Number of null values in Train and Test data-set
	Test	Train
PassengerId	0	0
Pclass	0	0
Name	0	0
Sex	0	0
Age	86	177
SibSp	0	0
Parch	0	0
Ticket	0	0
Fare	1	0
Cabin	0	0
Embarked	0	0

From the above table we can easily observe that there are many missing values in variable “age” in both of the data-sets. And in the later section we will handle the missing values.

2.2 Analysis between “Survived” and “Age”

Now we can plot a bar chat to show the probability of survival for different age groups. (shiny app is shown during the presentation)

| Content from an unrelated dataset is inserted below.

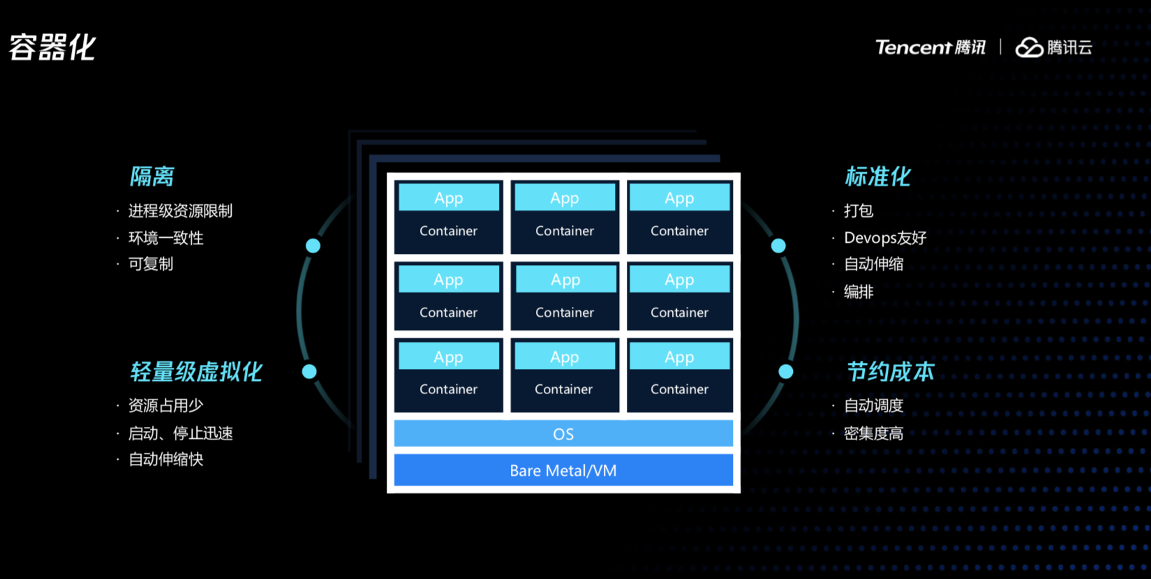 有人说没有集装箱就没有全球化,这里的容器就是集装箱,大家想是不是这个道理。容器还有很多优点,首先可以降低成本,K8s知道如何调度把容器到合适的机器上,使得集群节点使用率均衡、并且提高节点的资源使用率,可运维性也上来了。
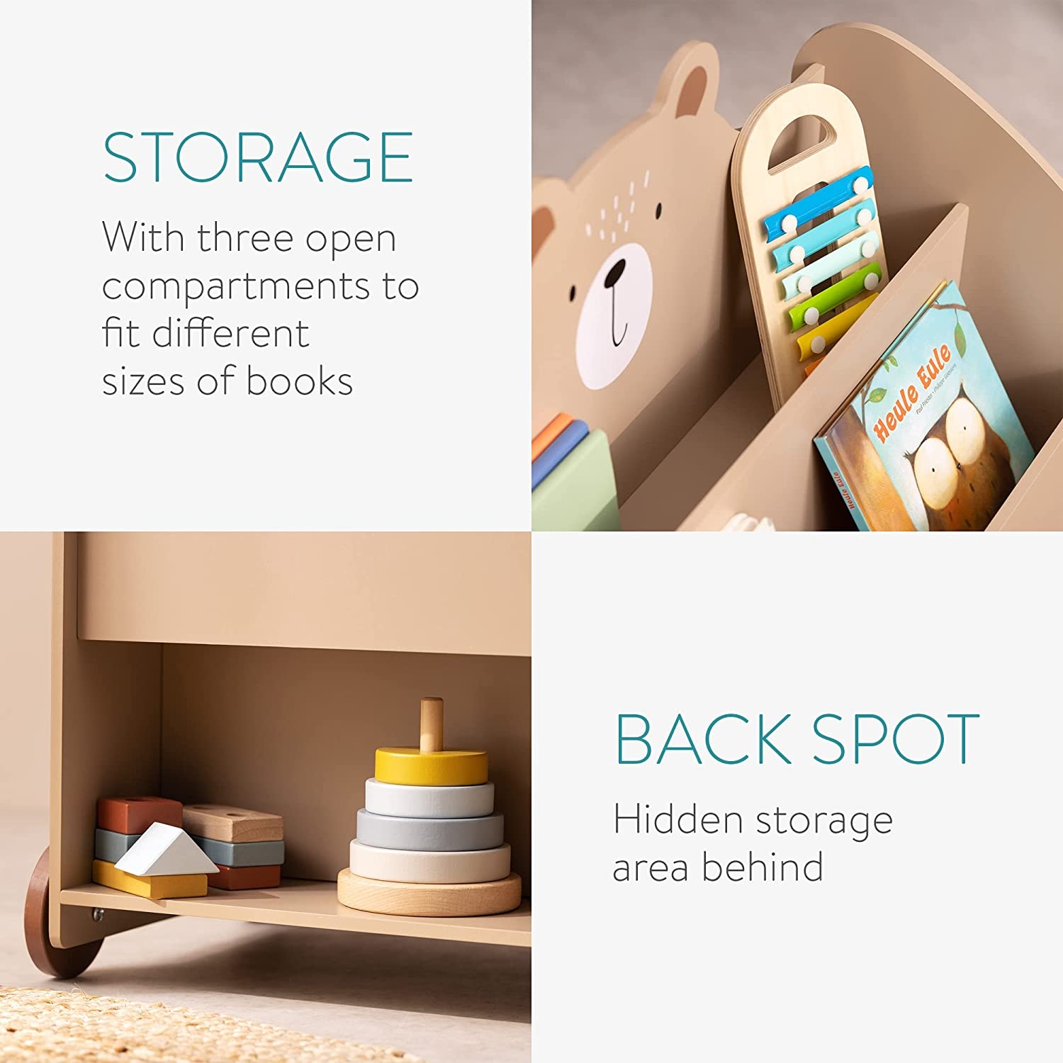 Navaris Kids Bookshelf - Παιδικό Κουτί Αποθήκευσης / Βιβλιοθήκη / Ράφια με 3 Διαμερίσματα και Ρόδες - 60 x 58 x 40 cm - Brown / Bear Design (55858.02)

data_ <- rbind(train_,test)
train %>%
  mutate(age_bin = cut(Age, breaks = 10)) %>%
  group_by(age_bin) %>%
  summarise(mean_survived = mean(Survived)) %>%
  ggplot(aes(x = age_bin, y = mean_survived)) +
  geom_bar(stat = "identity", fill = "orange") +
  theme(axis.text.x = element_text(angle = 45, hjust = 1)) +
  labs(x = "Age", y = "Mean Survival Rate")

From the bar plot we can easily seen the age group (0.34, 8.38] (72, 80.1] have relatively higher survival probability, and all the other groups have similar survival probabilities.

2.2.1 Observe and modify “Age”

Plot a histogram to observe the distribution for the age variable.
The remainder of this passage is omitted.